THE PROBLEM:
Transcribe only the stretch of lines that opens with the line containing "周杰伦曾多次提携蔡威泽周杰伦" and closes with the last line of the listing, skipping pictures.

THE DATA:
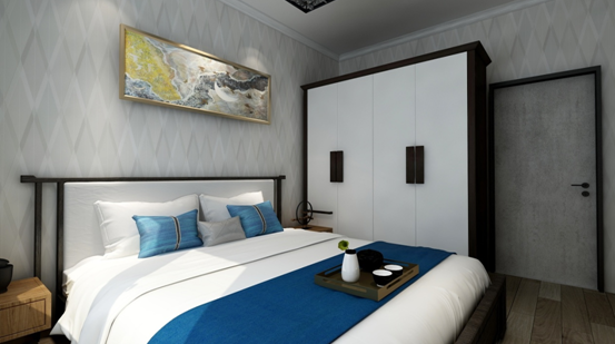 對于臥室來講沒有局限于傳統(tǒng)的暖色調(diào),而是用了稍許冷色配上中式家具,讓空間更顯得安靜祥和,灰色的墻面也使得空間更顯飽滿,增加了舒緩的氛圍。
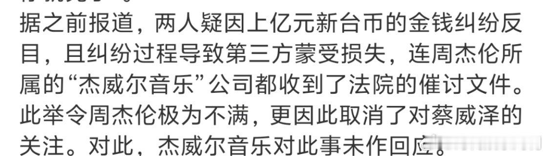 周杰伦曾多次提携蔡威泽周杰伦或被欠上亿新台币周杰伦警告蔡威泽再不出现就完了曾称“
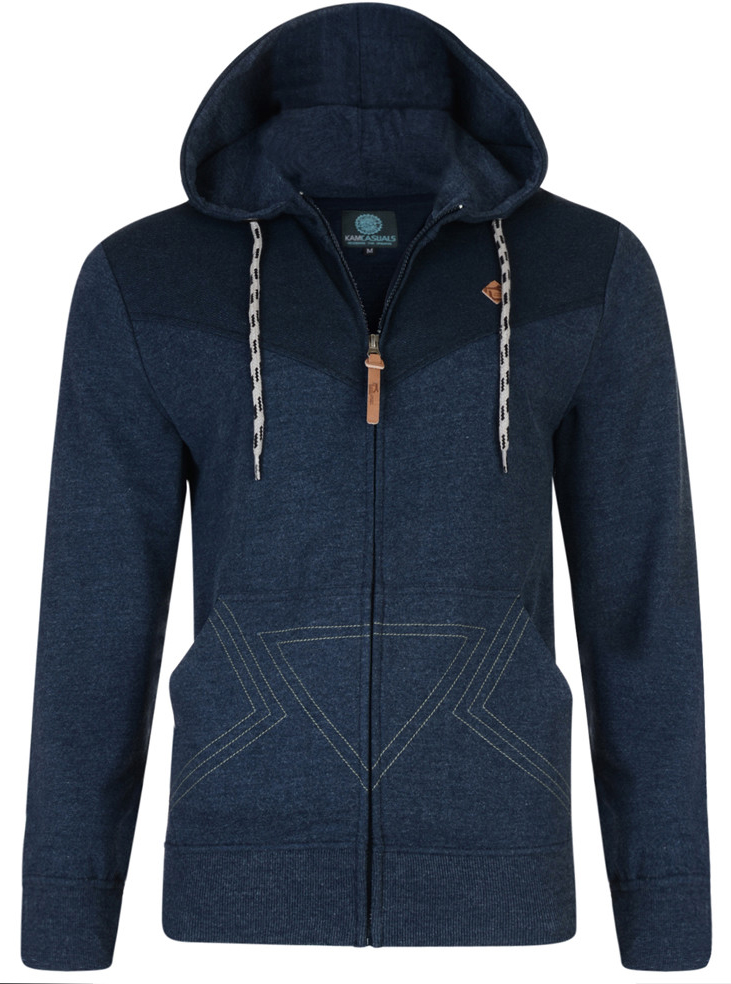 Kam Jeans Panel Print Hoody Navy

ANSWER:
 周杰伦曾多次提携蔡威泽周杰伦或被欠上亿新台币周杰伦警告蔡威泽再不出现就完了曾称“
 Kam Jeans Panel Print Hoody Navy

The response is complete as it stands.